[Puppet - Bug #11381] puppetmaster death spiral under passenger -- document the needs!

tickets Wed, 14 Dec 2011 11:26:21 -0800

Issue #11381 has been updated by Jo Rhett.


Eric Shamow wrote:
> If they're leaking memory they might.  The spare processes could be coming 
> from anywhere in that ecosystem - in fact Puppet is the least likely source.  
> Before you hit Puppet you've got Apache, Passenger, and Ruby itself all 
> trying to interact.

Well they run under the puppet user so I would expect that they are started by 
the puppetmaster running under passenger.  Apache wouldn't be starting ruby 
processes.  But yes this is what we should be investigating, and what I'd like 
to get to the bottom of.
 
> This is a feature you can certainly request (the ability to pass something 
> like --nosplay to the agent)

Already did.

>  If the issue is load when all the clients hit simultaneously, how does 
> turning off splay when you kick help you?  It'll likely bring your master to 
> its knees if it's struggling now.

We kick at most 25 hosts at a time, and usually 10.  What we want is for all 10 
to come into a new state very fast.  Given that puppetmaster is running with 
15-17 idle processes the vast majority of the time, there's more than enough 
headroom for that.  The problem is not 10 or 20 systems hitting in the same 
minute -- this works rather well.  The problem is 350 systems all hitting in 
the same minute.
 
> In general splay and kick address two different use cases - one for very 
> large scale, the other for targeted deployment.

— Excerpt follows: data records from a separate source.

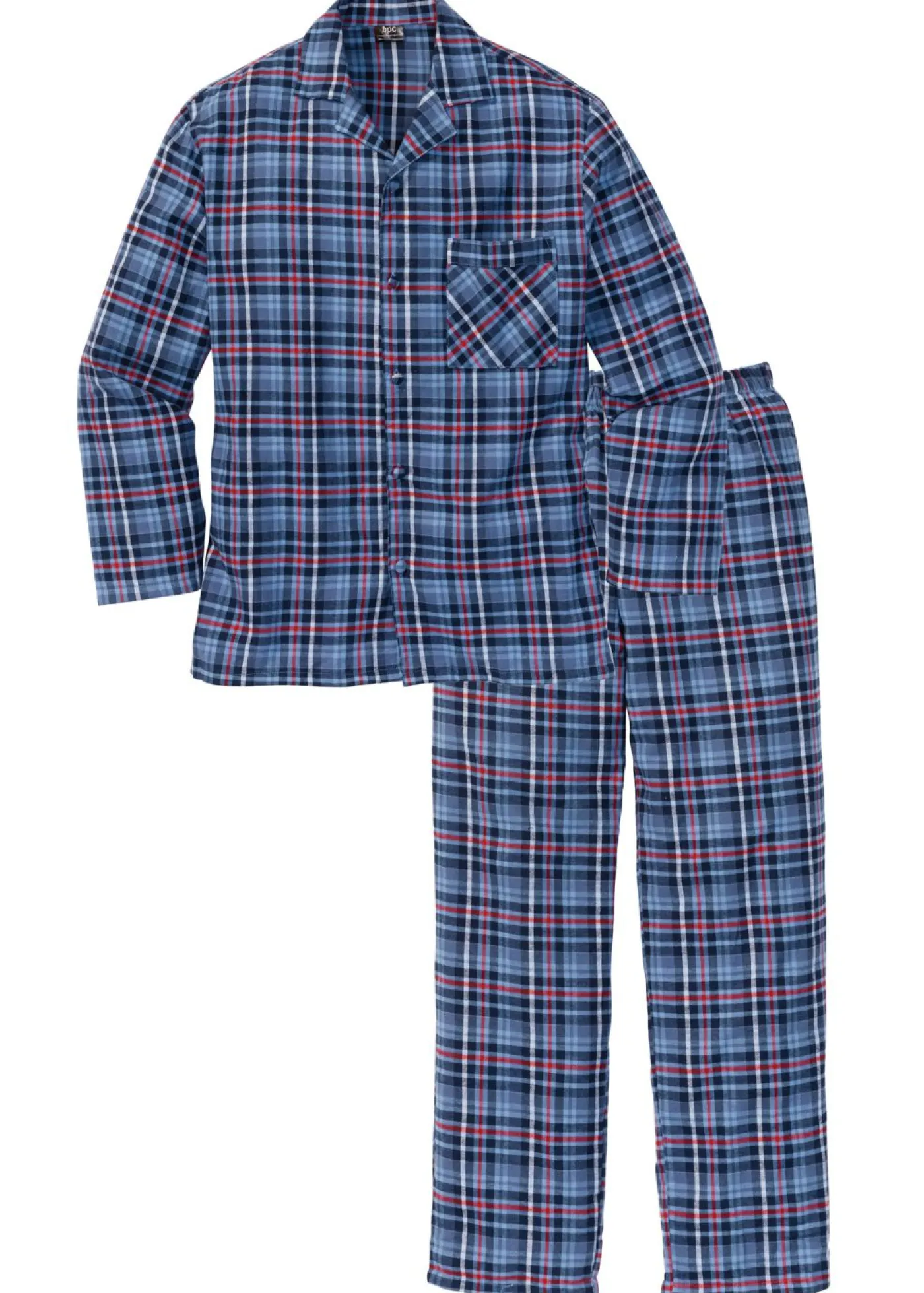 Cómodo y moderno: pijama de franela suave de calidad con botones y pantalón largo para hombres. Cómodo pijama de franela de calidad.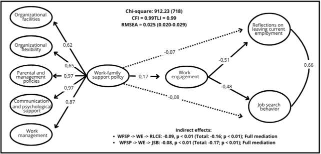 These results indicate that work engagement fully mediated the relationships between work-family support policies and both reflections on leaving the current job and job search behavior, confirming Hypothesis 3. Table 3 presents a summary of these relationships, and Figure 1 illustrates the final version of the model with standardized parameters.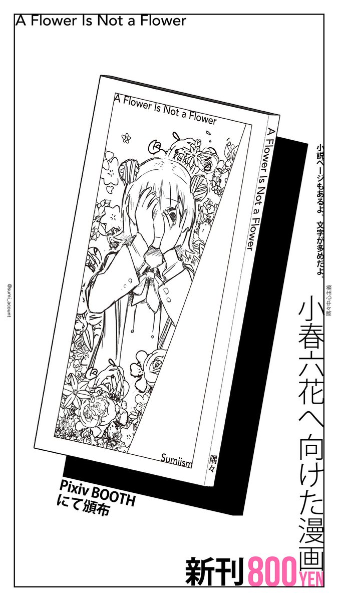 【告知】 『A Flower Is Not A Flower』 漫画、出します。 小春六花と夏色花梨と花隈千冬。 冬空のような薄暗いお話です。 真っ白な漫画です。 縦長漫画です。 文字多めで、小説ページもあります。 おまけ本8Pもあります。 800円。 よろしくお願い致します。 ↓BOOTH sumiism.booth.pm/items/3753976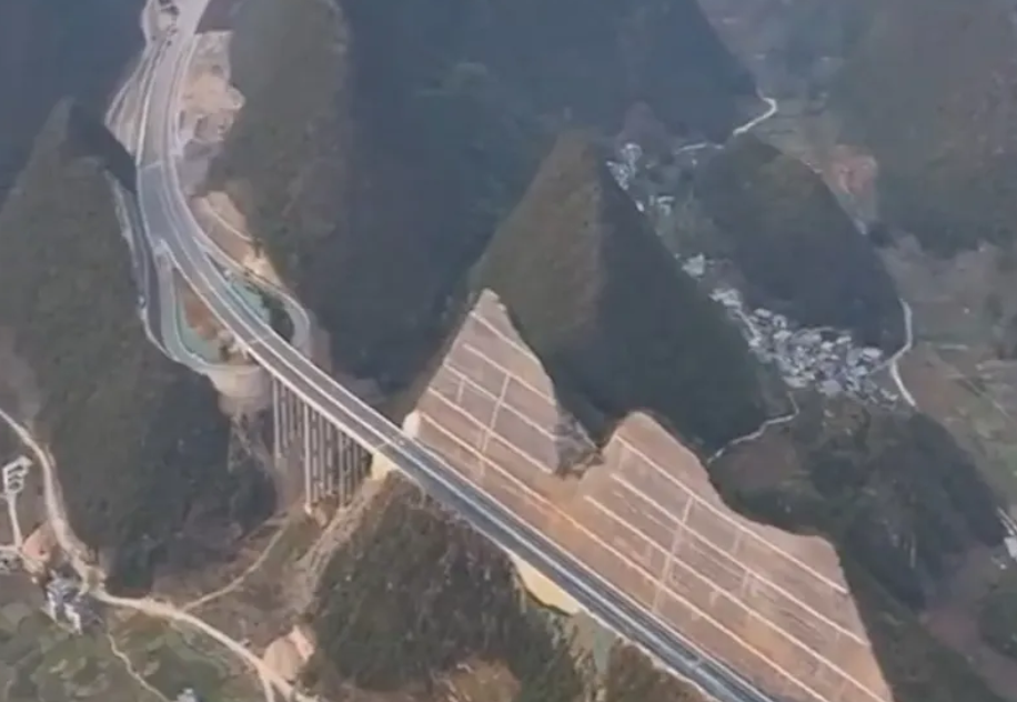 В провинции Гуйчжоу, где более 90% территории занято скалами и хребтами, прокладка трассы по ровной местности невозможна. Поэтому проектировщики решили прорезать скалы и соединить их мостом, перекинутым через глубокий каньон. Так появилось звено новой скоростной магистрали, которая должна связать несколько городов и сократить время в пути для автомобилей.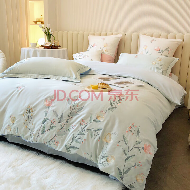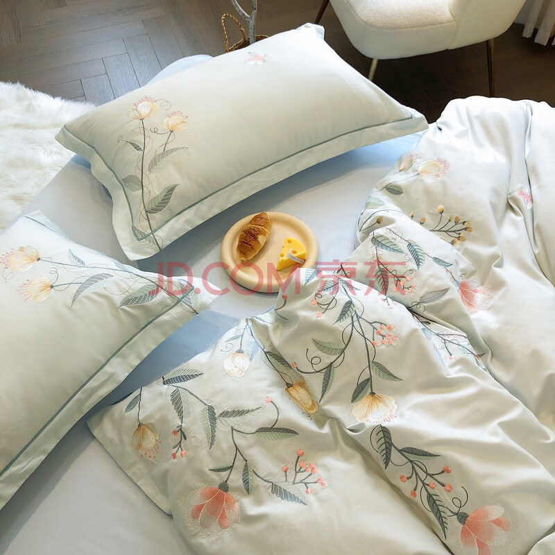 商品相册:Demichel 60支刺绣长绒棉四件套纯棉 法式高端全棉床上被套床单 1.8/2米床 莫兰迪绿第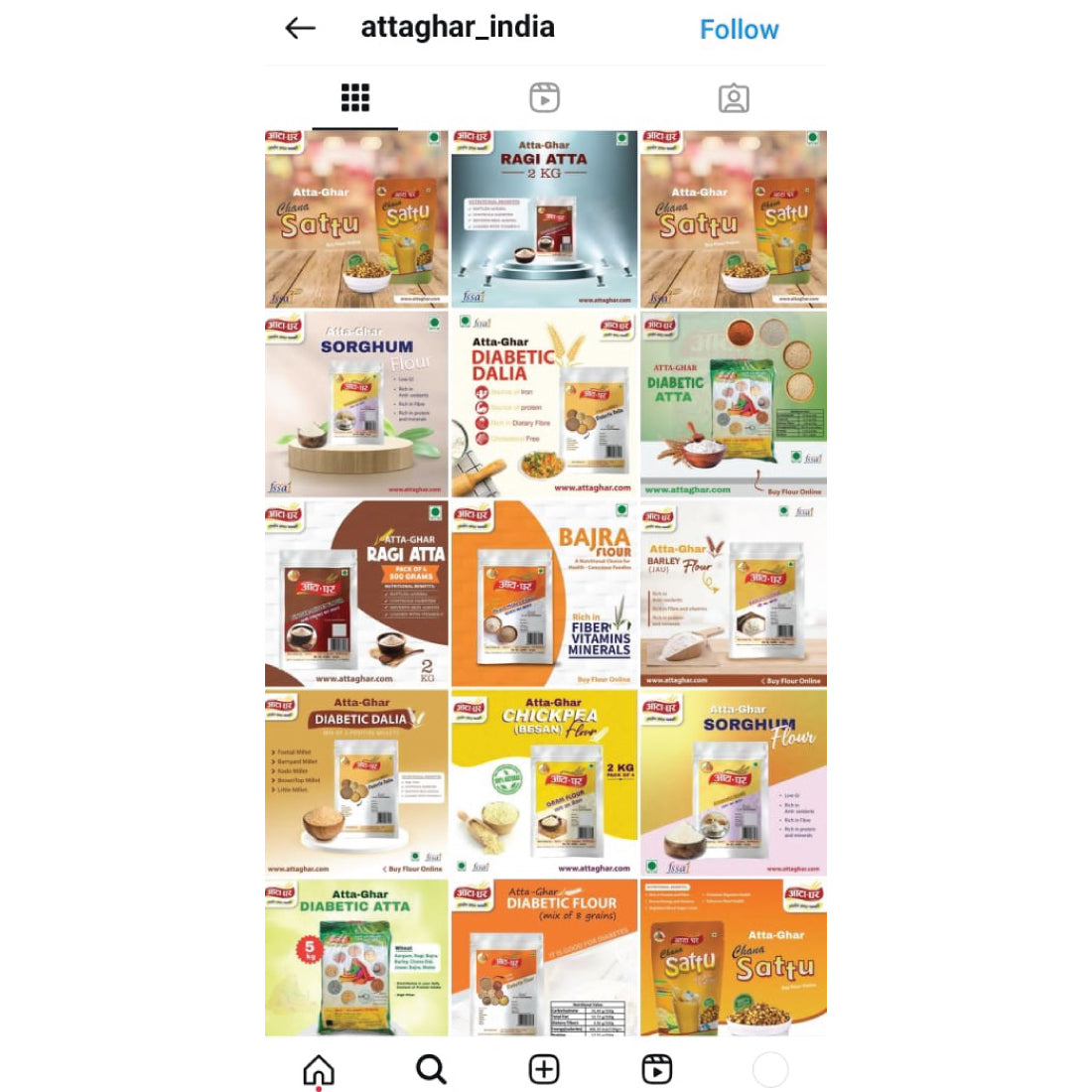 At WebInterest, we enhance Attaghar.com's social media by showcasing their range of healthy flours through eye-catching visuals, nutritional benefits, and engaging content. Our strategy focuses on highlighting unique products like "Diabetic Atta" and "Ragi Atta" to educate, engage, and build trust with health-conscious customers, driving growth and online sales.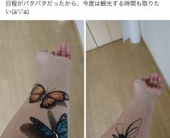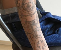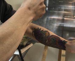 今日はね、なななーんと! 関東は横浜から大阪まで足を運んでくださり、3D系フェイクタトゥーの、スキルアップエアーブラシスクールの受講に来てくれました♪ 朝からデザインの製作方法から始めて、実際にご自身の腕に施術をしていき・・・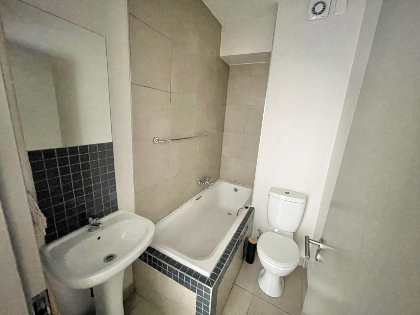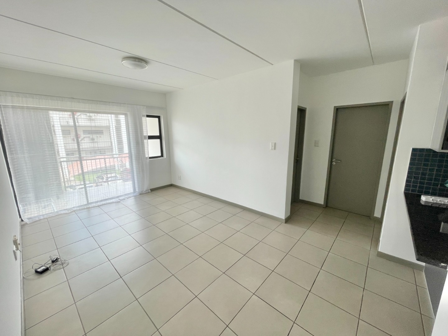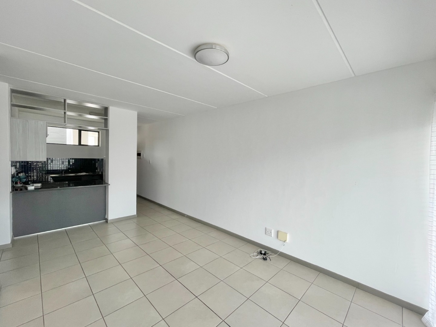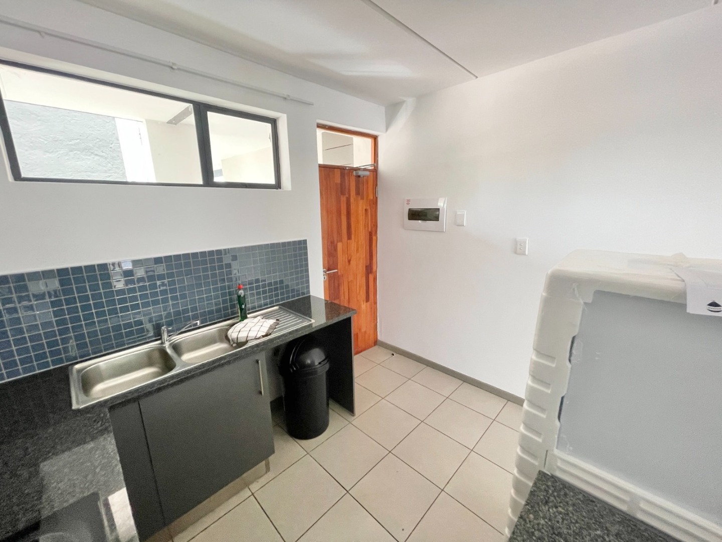 This modern 67 sqm apartment in a secure complex offers comfortable living in Elarduspark, Pretoria. Designed with an open-plan layout, the residence features a contemporary kitchen equipped with dark granite-look countertops, an integrated oven and hob, a double stainless steel sink, and a stylish blue-grey tiled backsplash. The kitchen seamlessly flows into the lounge area, which benefits from ample natural light streaming through large sliding doors, creating a bright and inviting atmosphere. Tiled flooring extends throughout the apartment, ensuring easy maintenance, and a new refrigerator is included for convenience.
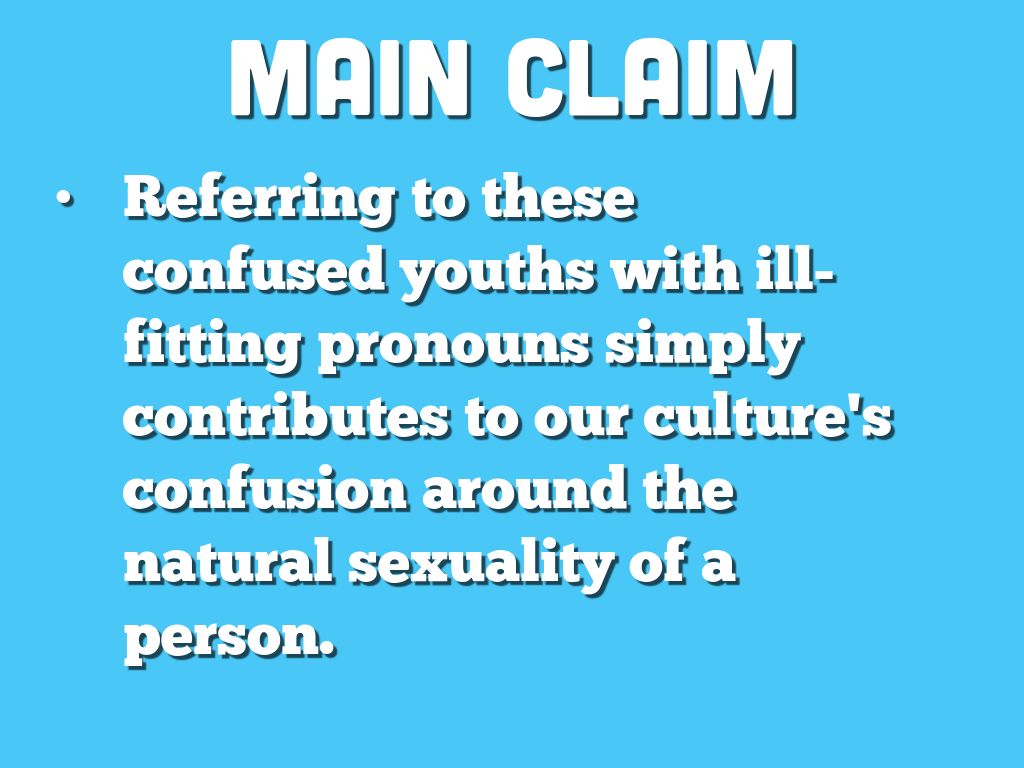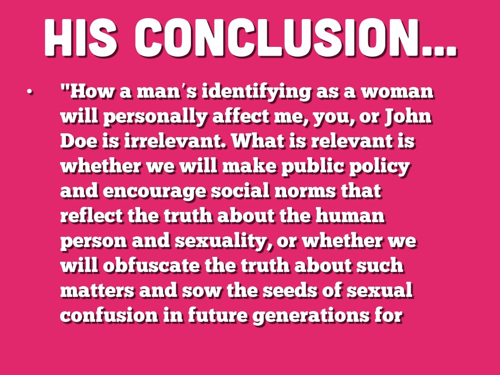 "How a man’s identifying as a woman will personally affect me, you, or John Doe is irrelevant. What is relevant is whether we will make public policy and encourage social norms that reflect the truth about the human person and sexuality, or whether we will obfuscate the truth about such matters and sow the seeds of sexual confusion in future generations for years to come."

Good -- because's that is exactly what we are looking for.  But right now splay 
prevents timely targeted deployment.  If splay would apply to the normal checks 
but be ignored for puppet kick, then it would meet your own description above.

>  The solution we've introduced as a middle ground is Mcollective, which is 
> not so much a separate technology as an addition to the Puppet ecosystem.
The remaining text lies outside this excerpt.